▶ [DATA LISTING]
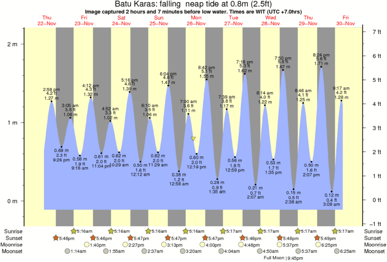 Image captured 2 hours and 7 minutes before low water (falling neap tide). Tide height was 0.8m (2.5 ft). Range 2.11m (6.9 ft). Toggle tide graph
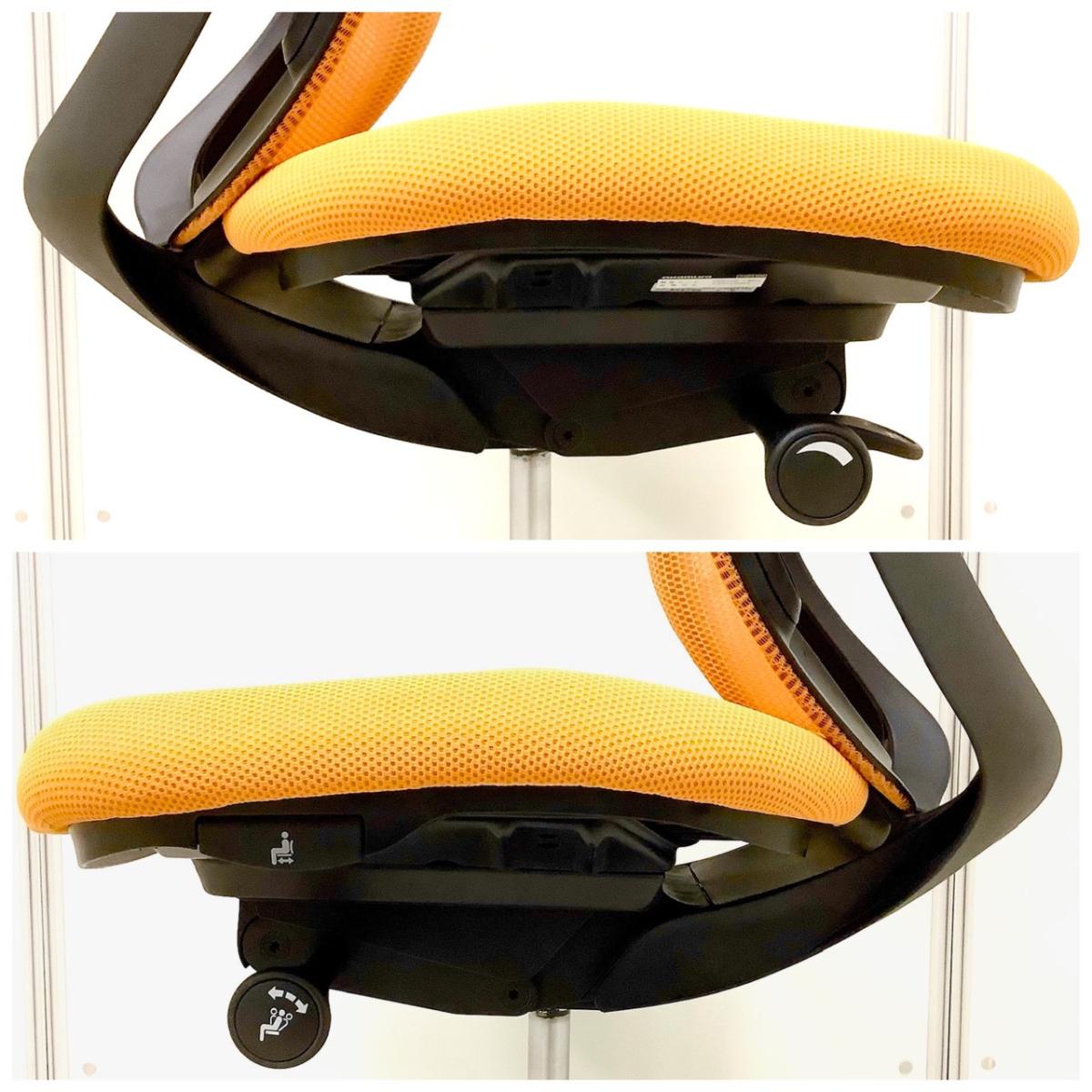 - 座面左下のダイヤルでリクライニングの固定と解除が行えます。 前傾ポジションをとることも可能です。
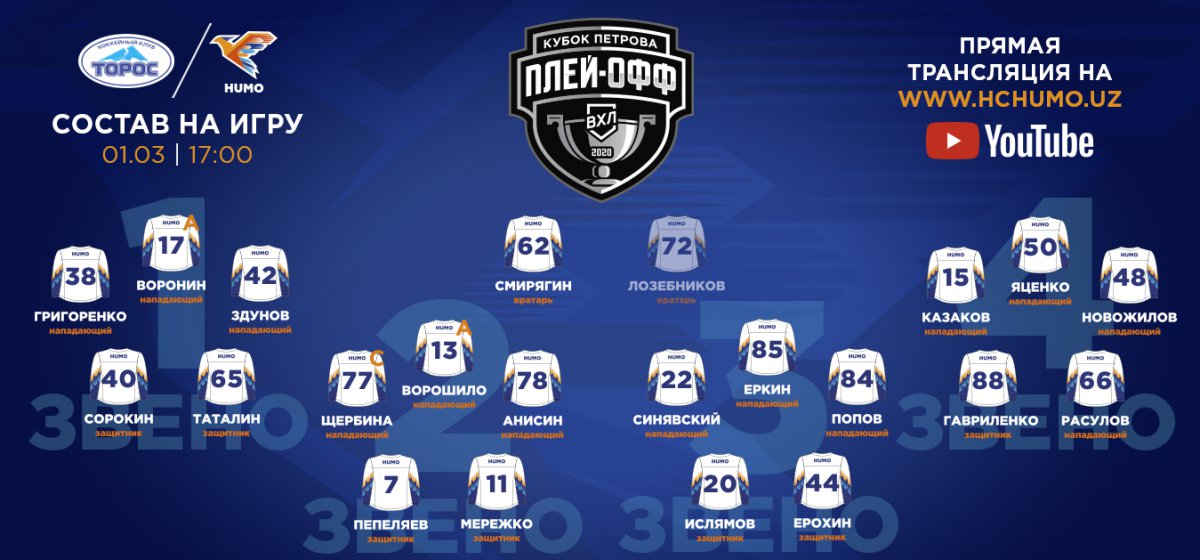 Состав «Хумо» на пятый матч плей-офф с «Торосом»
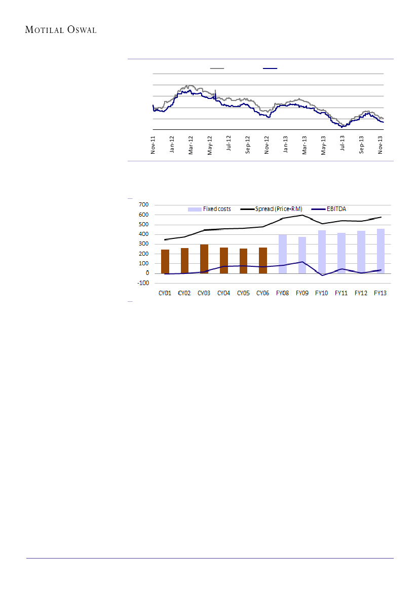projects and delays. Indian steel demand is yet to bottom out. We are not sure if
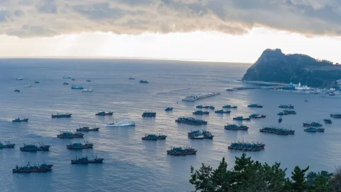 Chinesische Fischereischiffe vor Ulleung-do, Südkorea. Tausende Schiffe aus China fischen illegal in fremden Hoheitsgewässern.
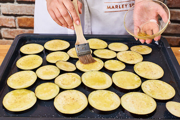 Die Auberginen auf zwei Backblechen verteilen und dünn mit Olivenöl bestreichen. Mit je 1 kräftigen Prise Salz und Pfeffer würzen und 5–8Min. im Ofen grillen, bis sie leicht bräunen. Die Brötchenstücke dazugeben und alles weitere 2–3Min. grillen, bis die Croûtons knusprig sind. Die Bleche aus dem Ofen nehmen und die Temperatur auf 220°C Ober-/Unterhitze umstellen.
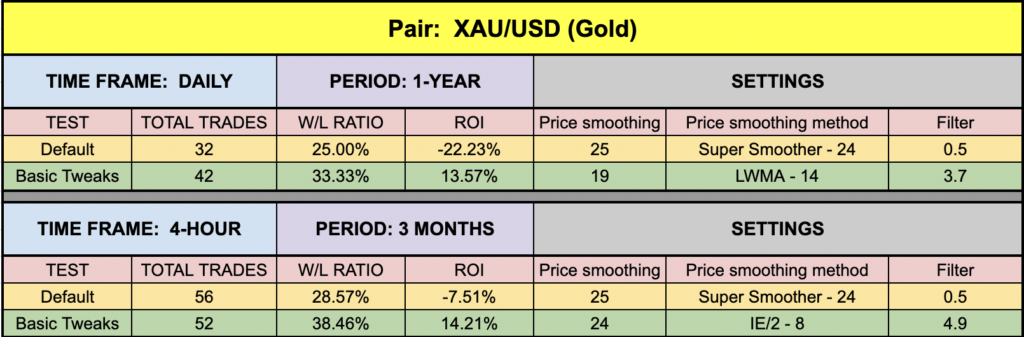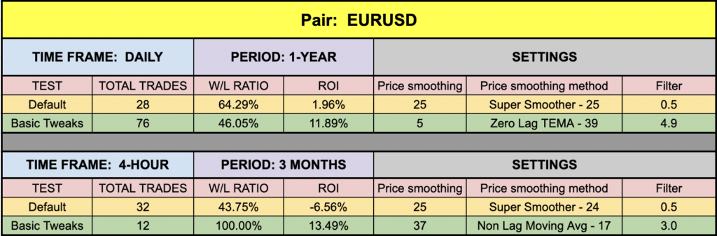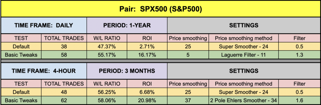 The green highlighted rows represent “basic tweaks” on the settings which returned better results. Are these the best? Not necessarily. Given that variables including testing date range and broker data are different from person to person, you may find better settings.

* * *

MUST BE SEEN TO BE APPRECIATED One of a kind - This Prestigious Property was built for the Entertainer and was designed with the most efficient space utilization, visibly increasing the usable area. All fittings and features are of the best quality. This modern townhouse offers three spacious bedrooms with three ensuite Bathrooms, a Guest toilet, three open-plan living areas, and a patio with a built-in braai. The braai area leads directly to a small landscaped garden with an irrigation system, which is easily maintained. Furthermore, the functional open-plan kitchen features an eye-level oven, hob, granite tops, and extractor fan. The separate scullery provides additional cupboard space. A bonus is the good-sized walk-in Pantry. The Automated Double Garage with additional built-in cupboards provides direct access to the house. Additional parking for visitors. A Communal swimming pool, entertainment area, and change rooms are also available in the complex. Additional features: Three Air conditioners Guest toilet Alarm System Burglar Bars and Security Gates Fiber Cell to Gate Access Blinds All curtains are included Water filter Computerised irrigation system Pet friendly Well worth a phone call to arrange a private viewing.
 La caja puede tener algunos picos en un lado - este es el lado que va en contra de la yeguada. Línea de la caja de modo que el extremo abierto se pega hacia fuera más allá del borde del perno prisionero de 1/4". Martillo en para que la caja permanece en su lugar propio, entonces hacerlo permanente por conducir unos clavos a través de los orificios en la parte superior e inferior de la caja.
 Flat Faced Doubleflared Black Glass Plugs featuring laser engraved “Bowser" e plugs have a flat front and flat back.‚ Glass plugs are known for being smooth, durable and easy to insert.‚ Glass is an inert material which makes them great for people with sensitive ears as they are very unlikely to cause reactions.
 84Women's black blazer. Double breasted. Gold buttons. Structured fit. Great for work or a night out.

▶ [INSTRUCTIONS FOR THE TASK]
Find the line with "Image captured 2" in the entries above. Set down exactly every line from it up to and including the line with "The green highlighted", images excluded.

▶ [TASK SOLUTION]
 Image captured 2 hours and 7 minutes before low water (falling neap tide). Tide height was 0.8m (2.5 ft). Range 2.11m (6.9 ft). Toggle tide graph
 - 座面左下のダイヤルでリクライニングの固定と解除が行えます。 前傾ポジションをとることも可能です。
 Состав «Хумо» на пятый матч плей-офф с «Торосом»
projects and delays. Indian steel demand is yet to bottom out. We are not sure if
 Chinesische Fischereischiffe vor Ulleung-do, Südkorea. Tausende Schiffe aus China fischen illegal in fremden Hoheitsgewässern.
 Die Auberginen auf zwei Backblechen verteilen und dünn mit Olivenöl bestreichen. Mit je 1 kräftigen Prise Salz und Pfeffer würzen und 5–8Min. im Ofen grillen, bis sie leicht bräunen. Die Brötchenstücke dazugeben und alles weitere 2–3Min. grillen, bis die Croûtons knusprig sind. Die Bleche aus dem Ofen nehmen und die Temperatur auf 220°C Ober-/Unterhitze umstellen.
 The green highlighted rows represent “basic tweaks” on the settings which returned better results. Are these the best? Not necessarily. Given that variables including testing date range and broker data are different from person to person, you may find better settings.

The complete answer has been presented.